I'm currently halfway through Book 2 of the Elenium and struggling. I'm seriously considering chucking it and book 3. Much as I like the character Sparhhawk, the story and writing just seems very tired. I'm edging around the H word but it's all very obvious and almost feels half hearted. Oh well It's not as if I don't have plnety more to read.
 
so i bought briar king for the january book club and didn't get very far into it before classes started again. so i guess i'm still reading that, even though i hardly have any time for reading other than class related (i'm an english and writing major so there is lots of reading!).

i'm currently taking a pretty awesome shakespeare class that has me reading all kinda of english renaissance drama. i just finished reading titus andronicus, i suggest seeing the julie taymor's film either after or concurrently with reading. it's very well done. in fact, i might have to suggest it for the film club at some point.

other than that i'm reading a physics book, a spanish grammar book, and lots of freud.

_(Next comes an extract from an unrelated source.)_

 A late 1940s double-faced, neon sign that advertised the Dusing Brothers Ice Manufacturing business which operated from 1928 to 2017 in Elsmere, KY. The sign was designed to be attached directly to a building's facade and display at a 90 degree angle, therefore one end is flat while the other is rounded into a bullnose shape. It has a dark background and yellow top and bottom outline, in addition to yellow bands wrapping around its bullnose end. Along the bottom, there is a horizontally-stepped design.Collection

damnit school, gettin' in the way of all the fun!
 
I just finished reading A Wizard of Earthsea by LeGuin and have dived back into the classics with Great Expectations by Dickens. After I wrap up the Dickens read, I plan on reading Dandelion Wine.
 
Well, I've just finished reading Chasm City, the 2nd novel by new-ish SF author Alastair Reynolds. It was a brilliant wide-screen sf yarn. Nanotech gone wrong, a strange alien race, parallel story arcs, an amnesiac protagonist attempting to piece together his identity, a nightmarish city full of stark contrasts, insane architecture (literally- the intelligent buildings went mad during an electronic Plague that also devastated the inhabitants' nanotech-based culture), lots of cool action and a suitably mind-blowing climax. Neat stuff.

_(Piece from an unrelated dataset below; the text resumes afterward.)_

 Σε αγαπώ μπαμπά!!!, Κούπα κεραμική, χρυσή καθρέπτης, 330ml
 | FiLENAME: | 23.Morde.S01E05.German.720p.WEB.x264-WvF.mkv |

The book has the scope and sweep of the best of the old-school greats as well as the gritty realism of cyberpunk. There were shades of Philip K Dick in the layers of memories through which the protagnist has to resolve his own identity, and something of AE van Vogt in the incredibly complex and involving story-arc. There's also a noirish street-smart toughness in the narrative voice. Best of all, Reynolds is equally engaged with the cutting-edge of current tech-spec and with creating future societies that work. Next up, I have a copy of Absolution Gap to read.

OK, weaknesses. The characterisation never seemed very deep, especially the way women just seemed to fall for our hero. Everyone was more or less villainous, or at least criminally bored, and the attempts given to justify various peoples' actions didn't really work. A lot of the incidents were too fortuitous, poeple jumping in and rescuing the hero for no good reason at the right moment, that sort of thing. But there was enough mind- and eye-candy to compensate.

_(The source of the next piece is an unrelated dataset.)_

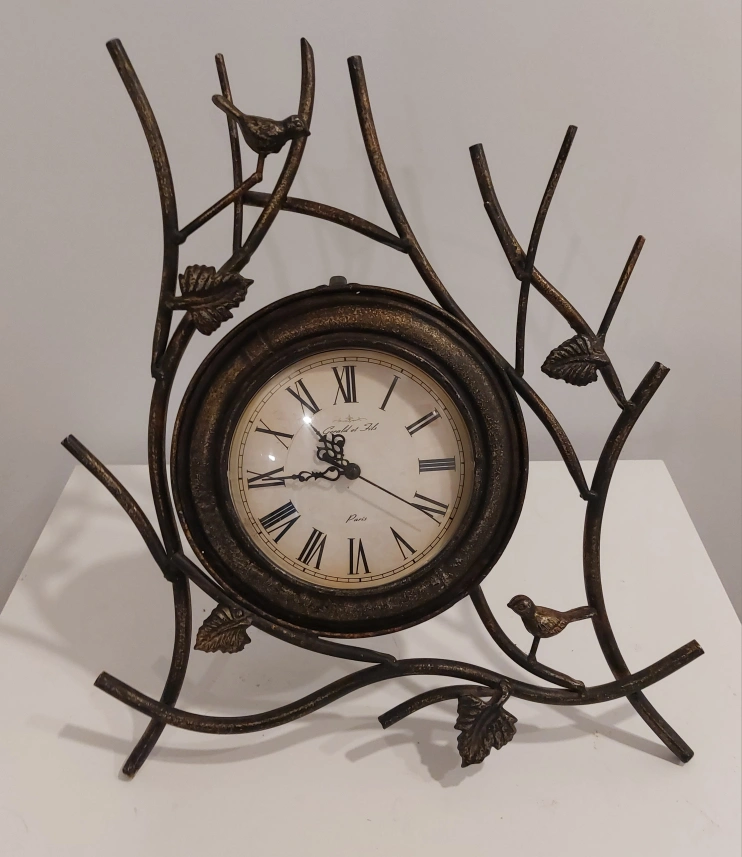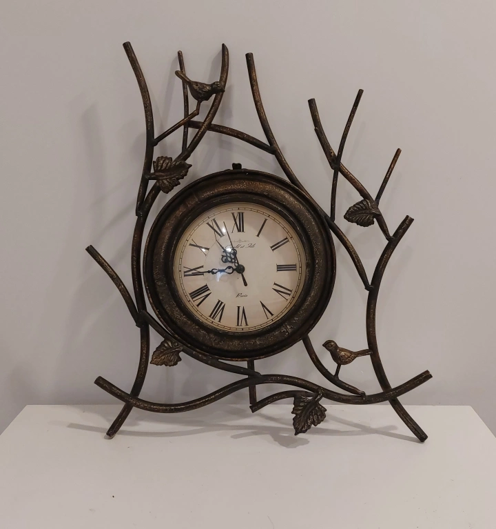 Metal clock with bird and branch design. Features a stand. It's in great condition .

Paul J McAuley blurbed Reynolds' debut as 'gonzo cybergoth space opera'. That feels about right to me.
 
Is it a follow-up of Revelation space ? Just started this one, so far sounds good yet a bit confuse between the archeologist, the soldier in her ghost ship and the killer.
 
Chasm City is set inthe same universe as Revelation Space, but is not a sequel. The events in this book happened either long before or long after the events in the first one, I'm not certain which. What did you think of Singlularity Sky?
 
As an Hunter S Thomson fan, and a news addict, I loved it. Now if you want more straightforward SF, you may not like it.
 
Just been out to the shops today. I bought Raymond E Feist's Rage of a Demon King. This is of course the third book in the Serpentwar saga, and I am looking forward to seeing how Roo and Eric develop further. I actually threw a wobbler the other night when I realised that I did not have this book. I had to wait two days before buying it.

I also bought Tyrant by Valerio Massimo Mamfredi, which is about Dionysius. I bought the graphic novel Samurai Deeper Kyo to plug a gap.
 
Currently reading The Etched City by K J Bishop. So far it keeps reminding me of Trigun, and I hear that later-on it starts to resemble Cowboy Bebop. This is in no way a complaint.